* INPUT FOR THIS TASK
§

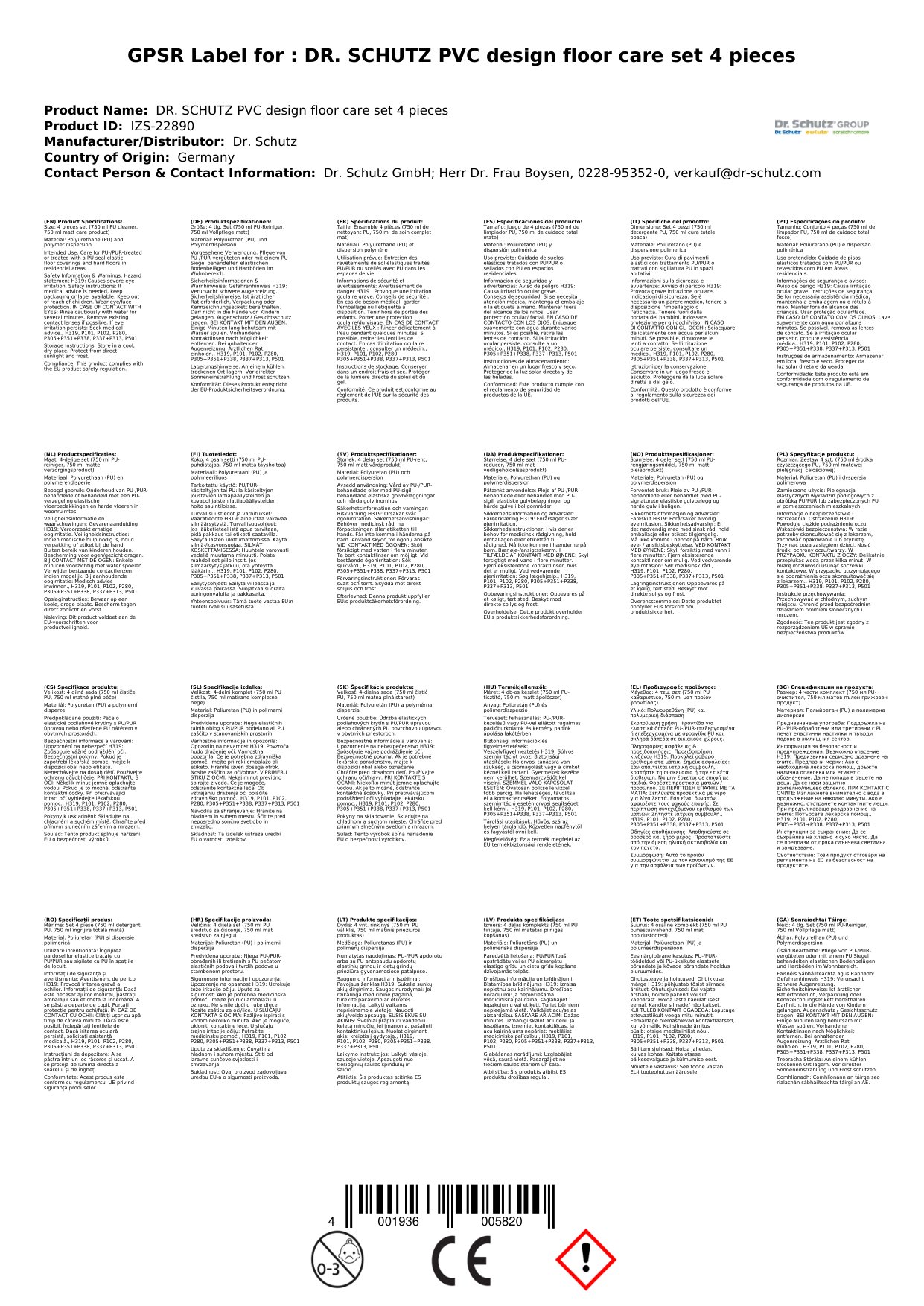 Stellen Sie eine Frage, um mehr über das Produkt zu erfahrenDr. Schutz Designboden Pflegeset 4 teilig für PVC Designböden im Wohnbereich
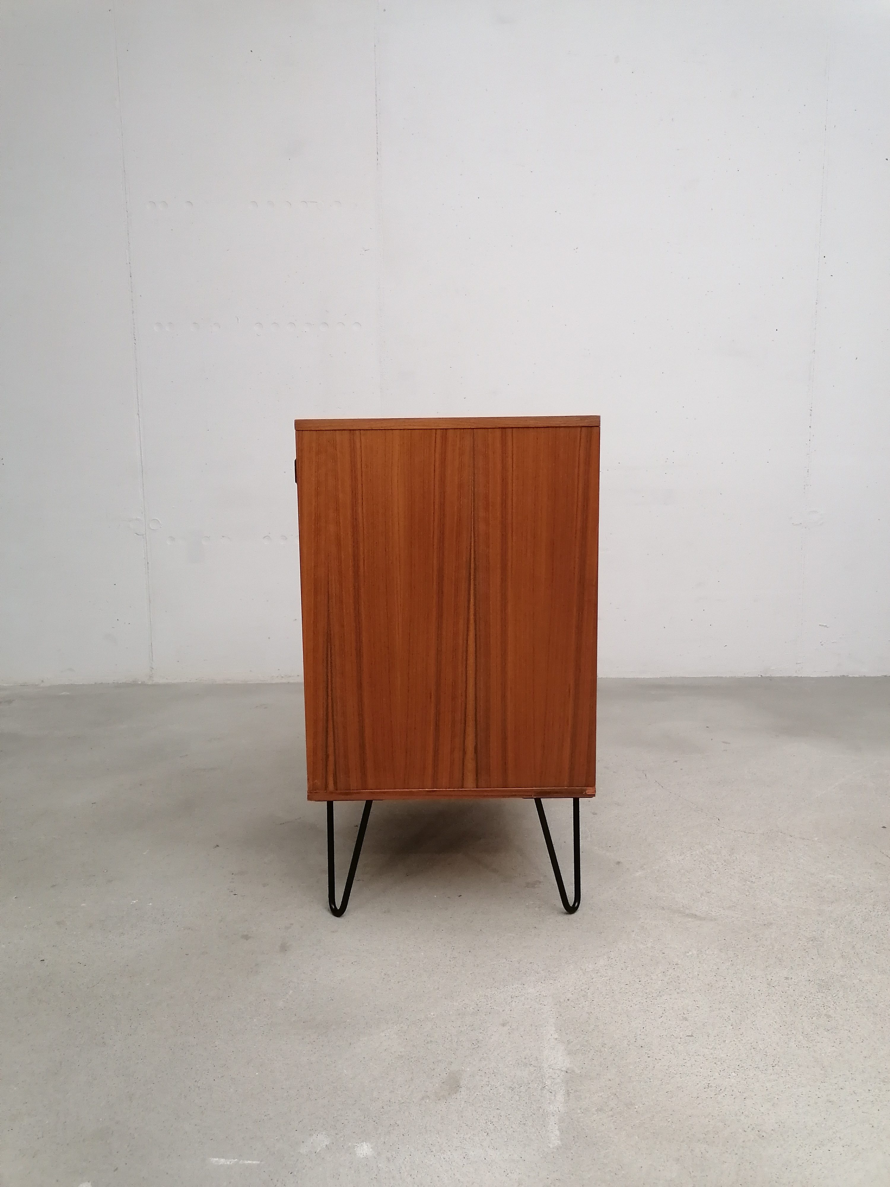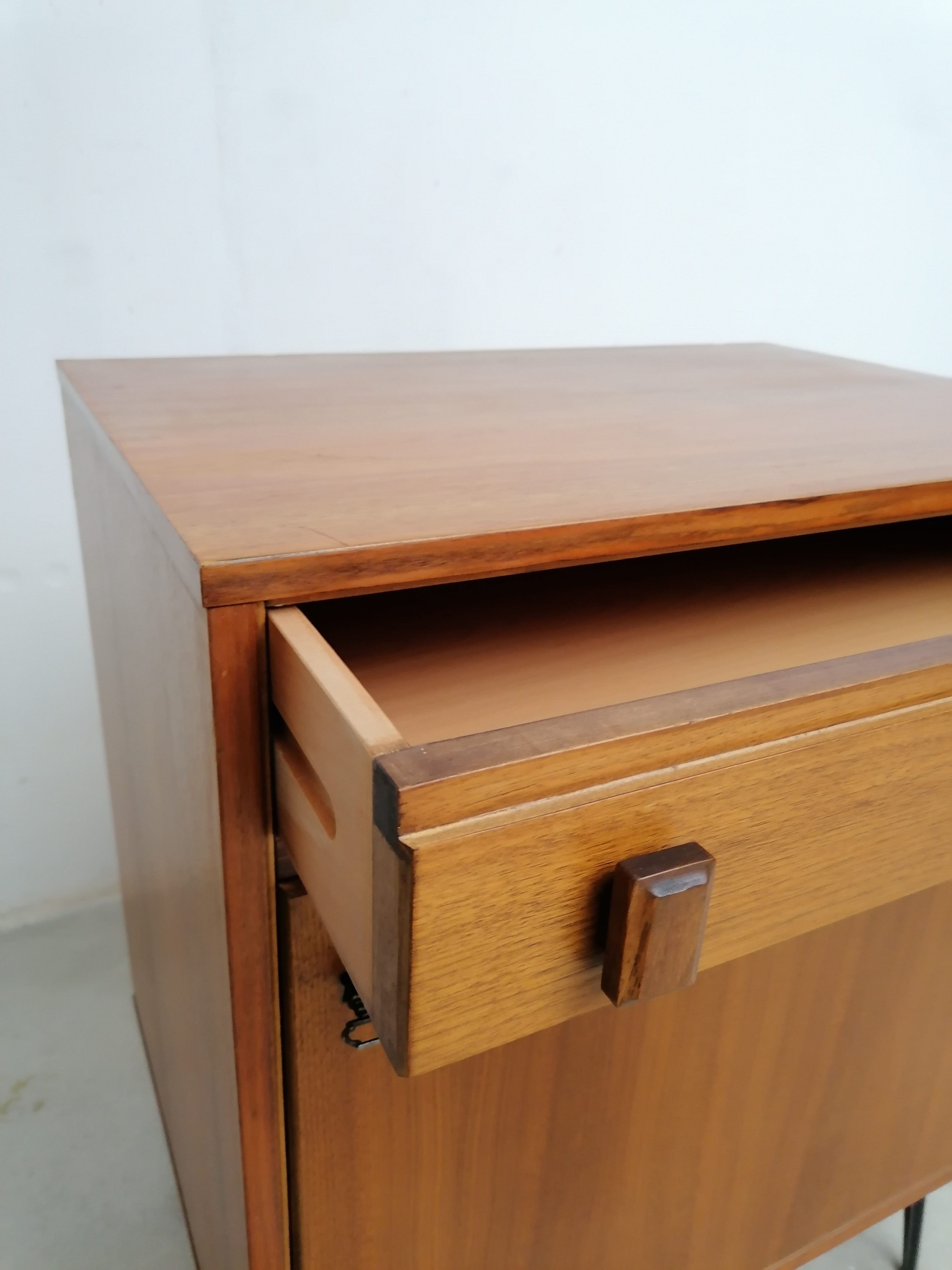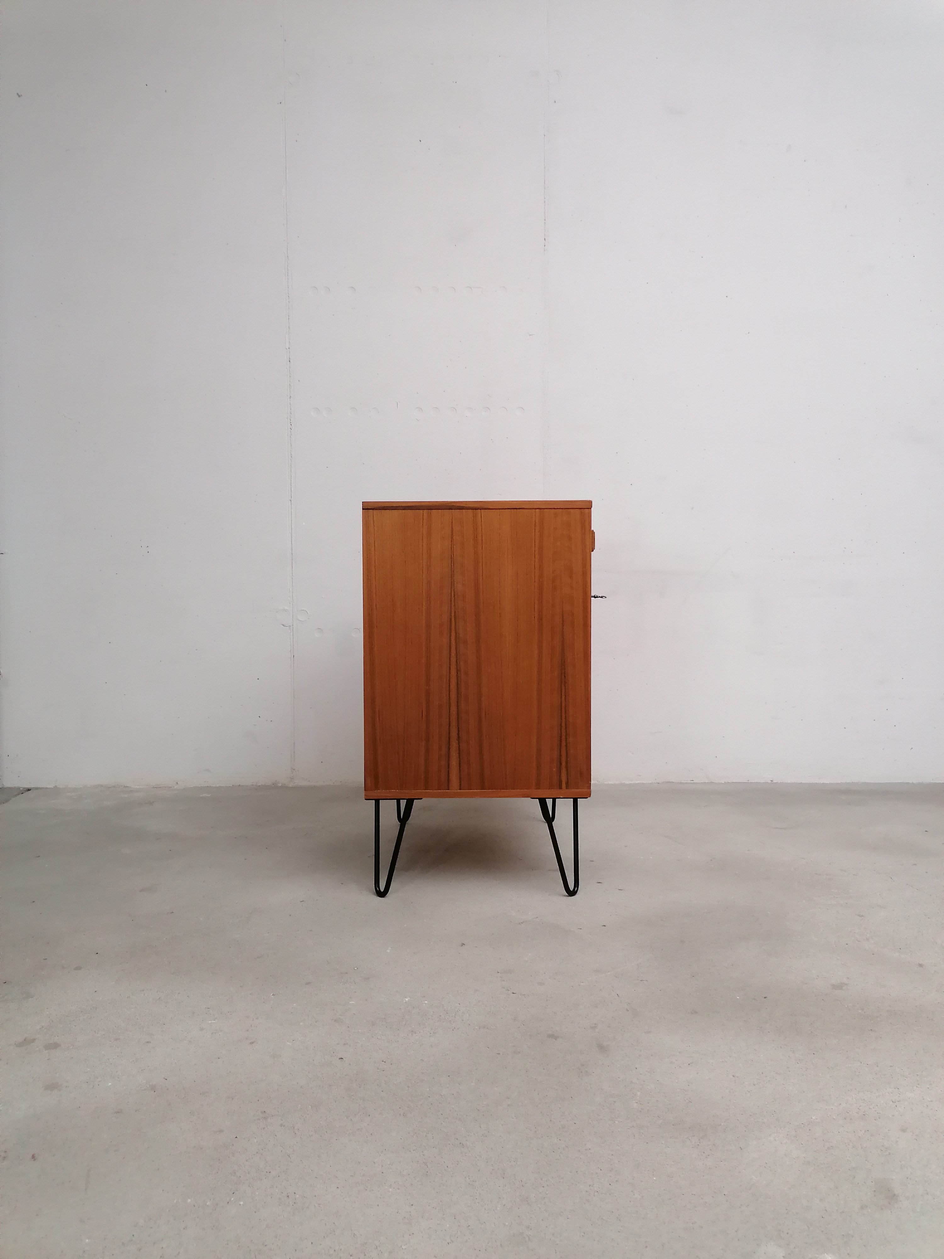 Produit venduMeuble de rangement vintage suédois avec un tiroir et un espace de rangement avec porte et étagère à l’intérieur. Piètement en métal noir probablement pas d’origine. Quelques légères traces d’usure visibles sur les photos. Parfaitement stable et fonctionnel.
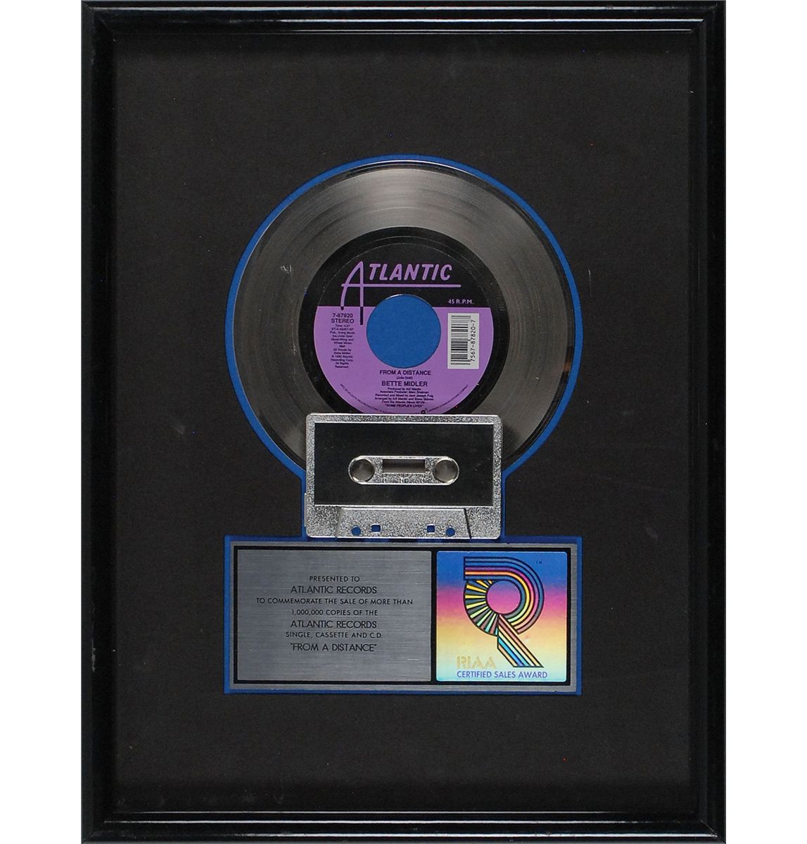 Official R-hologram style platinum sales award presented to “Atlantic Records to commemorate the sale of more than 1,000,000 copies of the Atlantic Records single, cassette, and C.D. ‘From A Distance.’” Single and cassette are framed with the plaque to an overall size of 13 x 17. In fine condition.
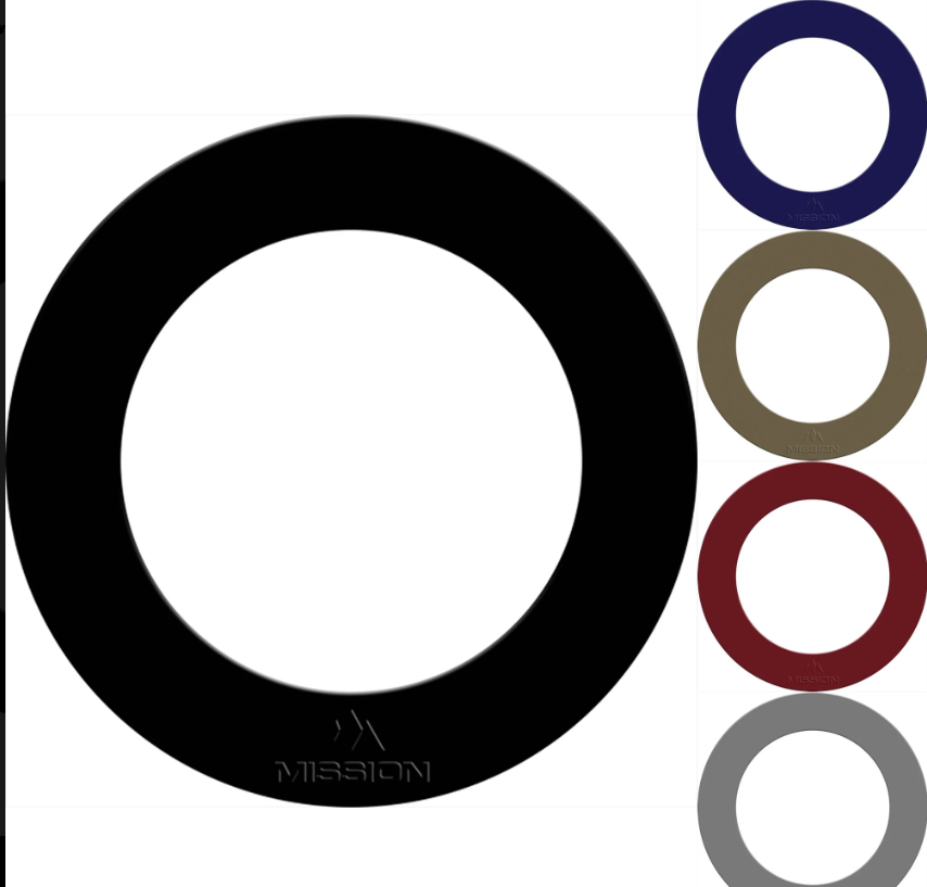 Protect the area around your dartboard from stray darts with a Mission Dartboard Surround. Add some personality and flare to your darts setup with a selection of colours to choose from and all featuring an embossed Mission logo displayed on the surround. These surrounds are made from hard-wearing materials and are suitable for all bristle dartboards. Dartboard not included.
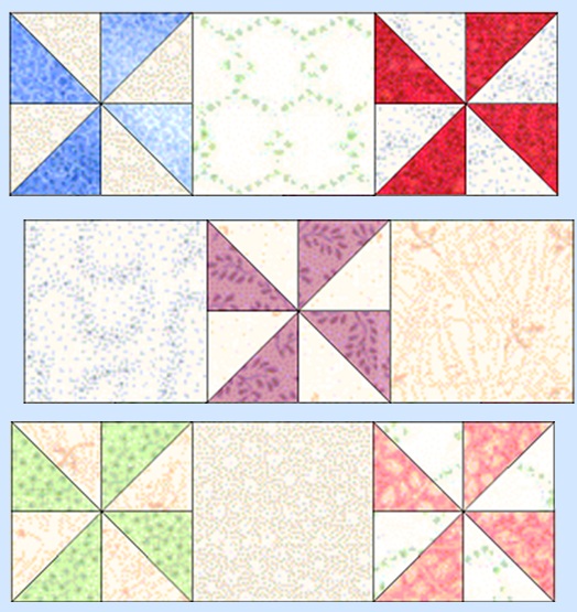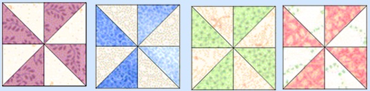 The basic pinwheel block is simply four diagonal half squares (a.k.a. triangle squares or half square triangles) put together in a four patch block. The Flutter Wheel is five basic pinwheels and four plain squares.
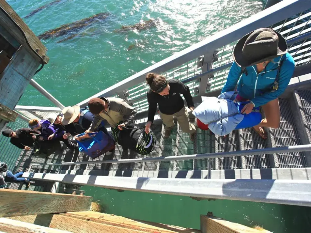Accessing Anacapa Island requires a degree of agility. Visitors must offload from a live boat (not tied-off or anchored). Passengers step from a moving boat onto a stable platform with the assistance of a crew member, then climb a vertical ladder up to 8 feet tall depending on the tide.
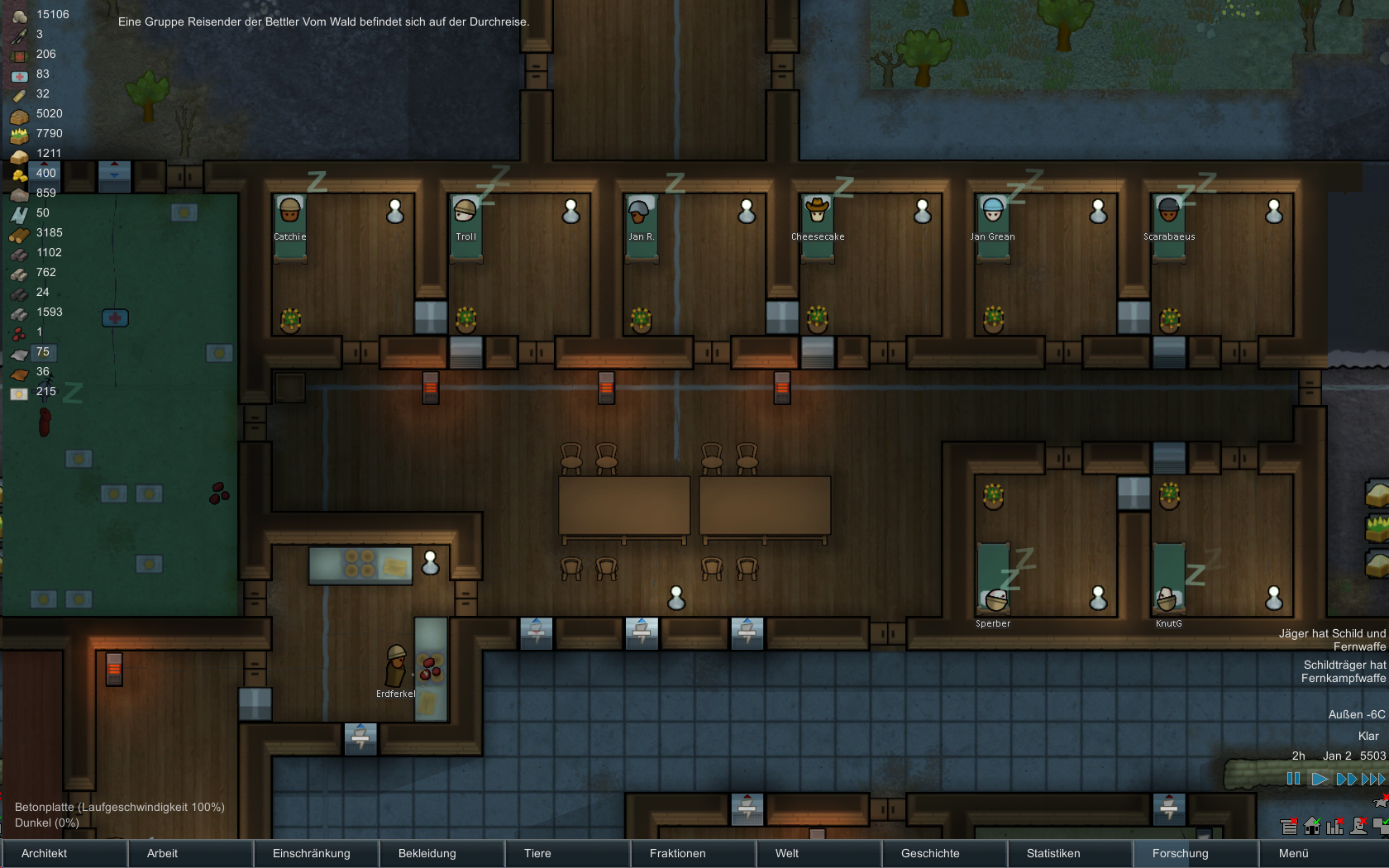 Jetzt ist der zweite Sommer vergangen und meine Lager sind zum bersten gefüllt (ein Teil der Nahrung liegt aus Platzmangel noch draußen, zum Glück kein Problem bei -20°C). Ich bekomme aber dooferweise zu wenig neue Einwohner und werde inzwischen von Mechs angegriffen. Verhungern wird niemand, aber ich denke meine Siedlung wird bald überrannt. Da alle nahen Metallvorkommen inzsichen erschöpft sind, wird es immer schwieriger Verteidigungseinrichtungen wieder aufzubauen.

§

Where a picture appears, omit it; otherwise reproduce each line above from the first to the one with "Official R-hologram style", inclusive.

* RESULT OF THIS TASK
 Stellen Sie eine Frage, um mehr über das Produkt zu erfahrenDr. Schutz Designboden Pflegeset 4 teilig für PVC Designböden im Wohnbereich
 Produit venduMeuble de rangement vintage suédois avec un tiroir et un espace de rangement avec porte et étagère à l’intérieur. Piètement en métal noir probablement pas d’origine. Quelques légères traces d’usure visibles sur les photos. Parfaitement stable et fonctionnel.
 Official R-hologram style platinum sales award presented to “Atlantic Records to commemorate the sale of more than 1,000,000 copies of the Atlantic Records single, cassette, and C.D. ‘From A Distance.’” Single and cassette are framed with the plaque to an overall size of 13 x 17. In fine condition.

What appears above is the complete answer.